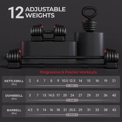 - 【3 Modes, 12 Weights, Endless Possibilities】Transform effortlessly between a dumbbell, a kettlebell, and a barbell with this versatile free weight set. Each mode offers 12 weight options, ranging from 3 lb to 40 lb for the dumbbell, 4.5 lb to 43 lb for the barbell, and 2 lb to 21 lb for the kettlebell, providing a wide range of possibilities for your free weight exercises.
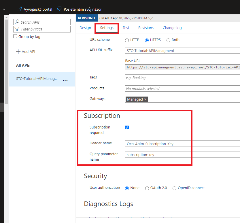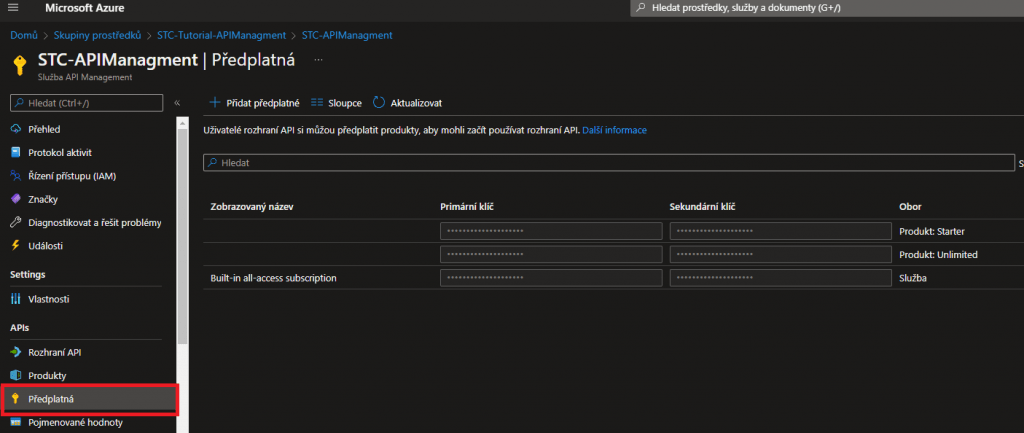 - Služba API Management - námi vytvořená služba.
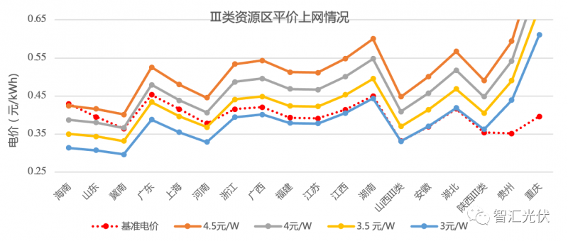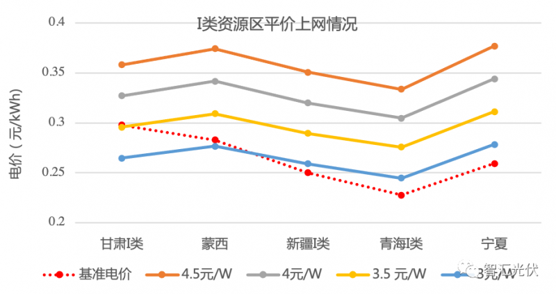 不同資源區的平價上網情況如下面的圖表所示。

==

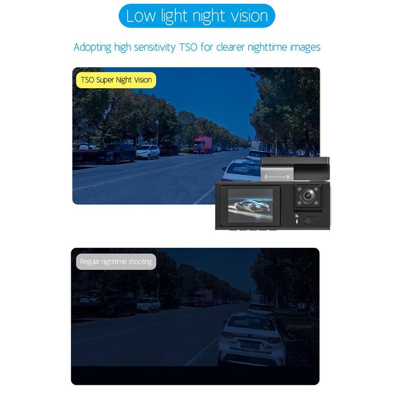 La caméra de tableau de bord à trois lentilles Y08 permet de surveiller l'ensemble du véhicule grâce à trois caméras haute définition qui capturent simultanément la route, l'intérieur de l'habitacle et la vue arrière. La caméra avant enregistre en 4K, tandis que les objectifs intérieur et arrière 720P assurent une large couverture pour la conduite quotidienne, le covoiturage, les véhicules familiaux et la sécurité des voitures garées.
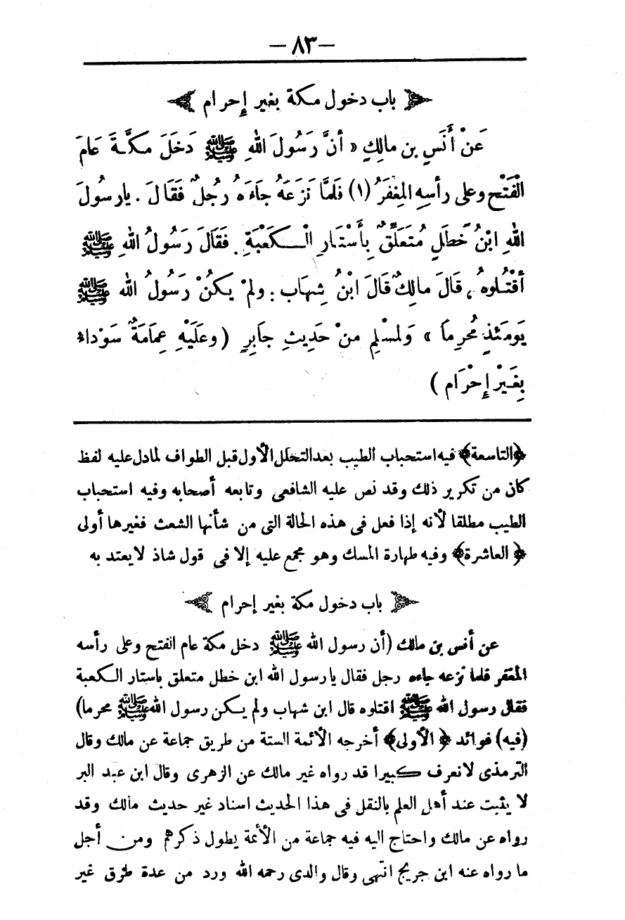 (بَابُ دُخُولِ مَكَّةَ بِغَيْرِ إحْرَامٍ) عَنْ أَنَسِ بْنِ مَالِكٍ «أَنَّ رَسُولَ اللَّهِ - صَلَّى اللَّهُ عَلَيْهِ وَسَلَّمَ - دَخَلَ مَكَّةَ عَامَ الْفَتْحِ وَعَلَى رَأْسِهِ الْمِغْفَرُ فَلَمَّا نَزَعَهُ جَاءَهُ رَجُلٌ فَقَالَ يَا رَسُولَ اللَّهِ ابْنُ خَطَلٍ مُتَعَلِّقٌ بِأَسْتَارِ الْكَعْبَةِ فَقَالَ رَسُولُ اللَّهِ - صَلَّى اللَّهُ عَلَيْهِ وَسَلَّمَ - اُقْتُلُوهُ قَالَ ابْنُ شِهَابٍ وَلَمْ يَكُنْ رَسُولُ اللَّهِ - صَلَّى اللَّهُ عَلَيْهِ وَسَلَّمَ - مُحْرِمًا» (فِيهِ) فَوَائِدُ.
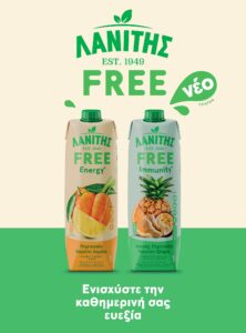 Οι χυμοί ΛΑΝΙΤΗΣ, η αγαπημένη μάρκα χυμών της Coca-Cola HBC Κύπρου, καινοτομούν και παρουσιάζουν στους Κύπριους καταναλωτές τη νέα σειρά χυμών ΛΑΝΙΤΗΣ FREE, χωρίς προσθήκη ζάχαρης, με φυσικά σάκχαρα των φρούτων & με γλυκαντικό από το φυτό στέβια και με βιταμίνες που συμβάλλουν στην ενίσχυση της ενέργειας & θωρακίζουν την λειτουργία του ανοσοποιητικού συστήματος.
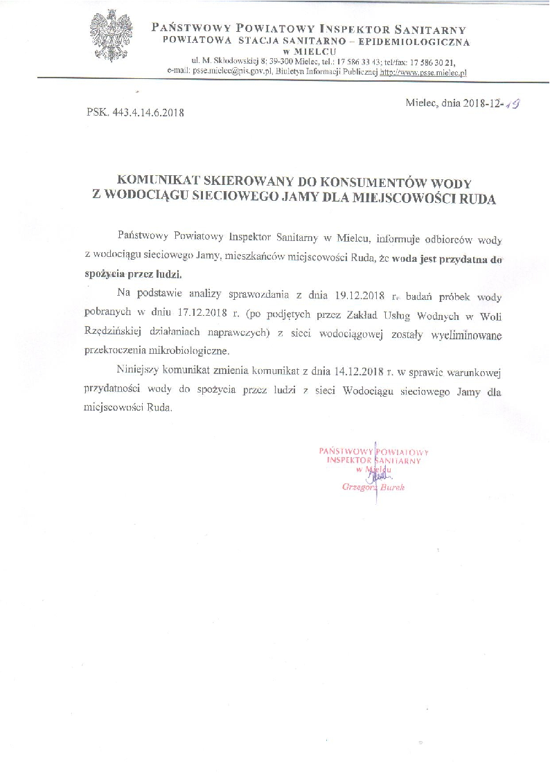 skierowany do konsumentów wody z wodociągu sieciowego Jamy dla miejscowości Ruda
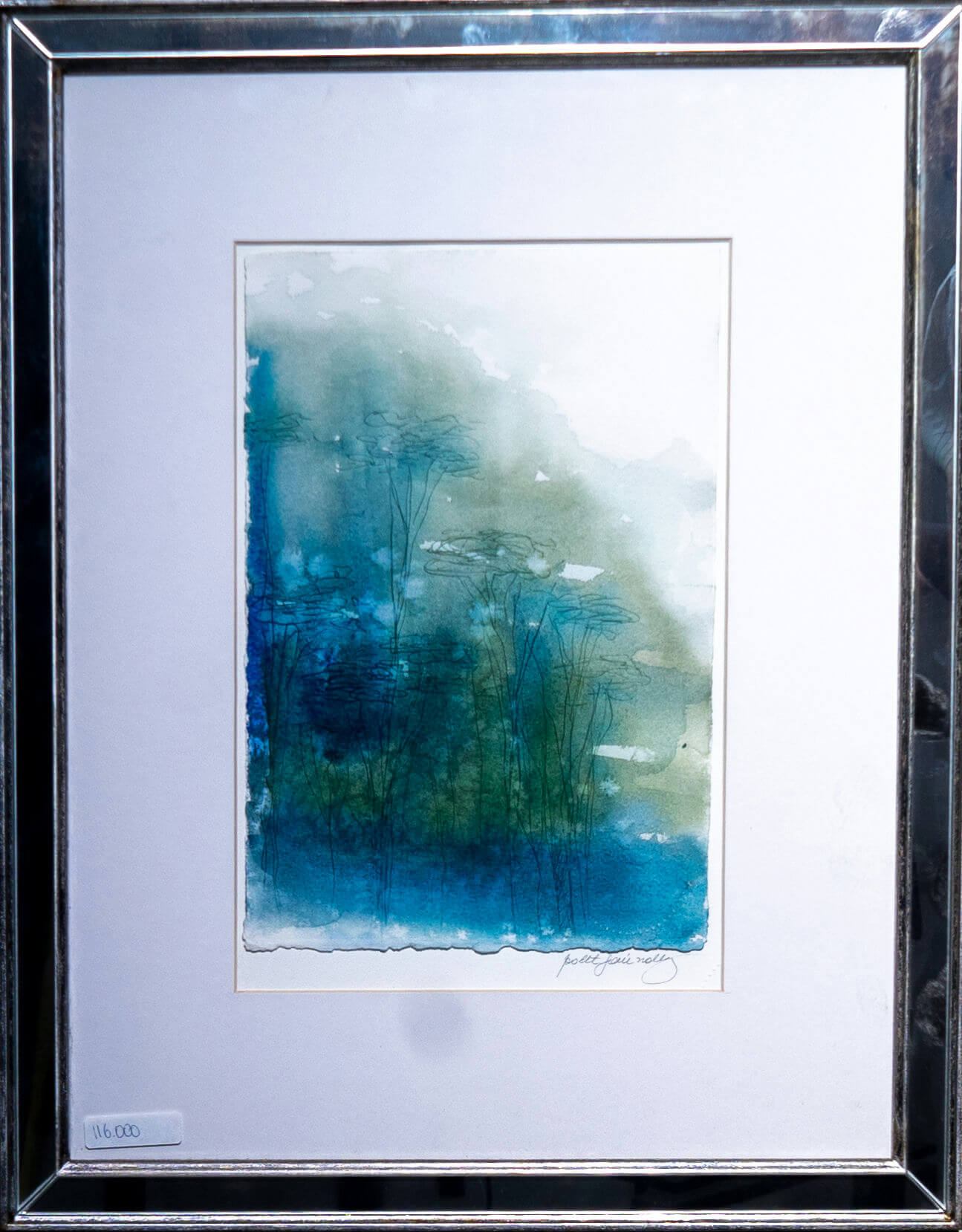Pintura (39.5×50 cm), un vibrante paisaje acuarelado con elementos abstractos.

...

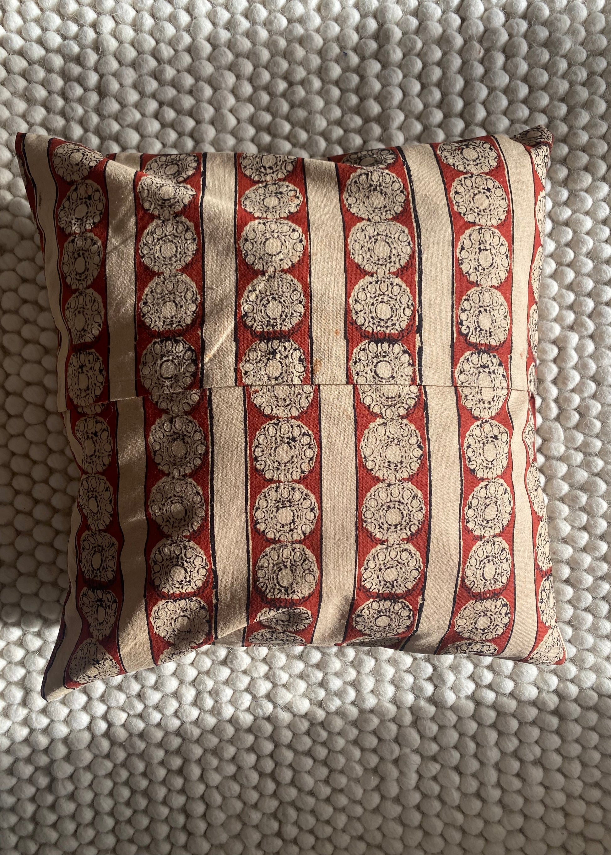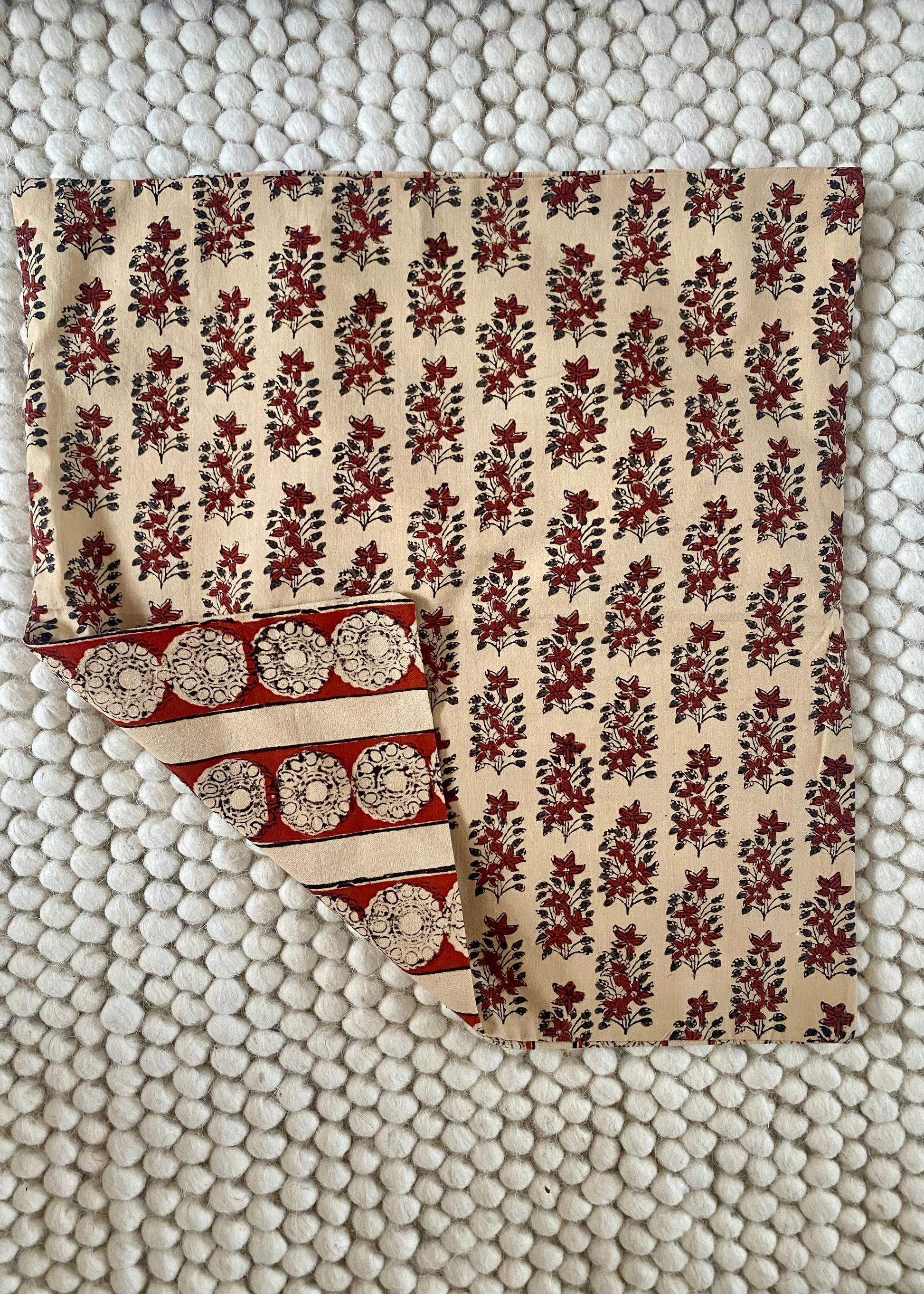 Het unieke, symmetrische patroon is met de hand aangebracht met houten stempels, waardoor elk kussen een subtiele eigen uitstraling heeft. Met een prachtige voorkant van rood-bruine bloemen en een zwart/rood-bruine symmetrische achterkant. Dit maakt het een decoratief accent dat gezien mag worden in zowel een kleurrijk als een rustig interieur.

● Assigned task: Look above for the line containing "Οι χυμοί ΛΑΝΙΤΗΣ, η", then write out every line from there down to the line containing "Pintura (39.5×50 cm), un", that line included, with no pictures.

● Task answer:
 Οι χυμοί ΛΑΝΙΤΗΣ, η αγαπημένη μάρκα χυμών της Coca-Cola HBC Κύπρου, καινοτομούν και παρουσιάζουν στους Κύπριους καταναλωτές τη νέα σειρά χυμών ΛΑΝΙΤΗΣ FREE, χωρίς προσθήκη ζάχαρης, με φυσικά σάκχαρα των φρούτων & με γλυκαντικό από το φυτό στέβια και με βιταμίνες που συμβάλλουν στην ενίσχυση της ενέργειας & θωρακίζουν την λειτουργία του ανοσοποιητικού συστήματος.
 skierowany do konsumentów wody z wodociągu sieciowego Jamy dla miejscowości Ruda
Pintura (39.5×50 cm), un vibrante paisaje acuarelado con elementos abstractos.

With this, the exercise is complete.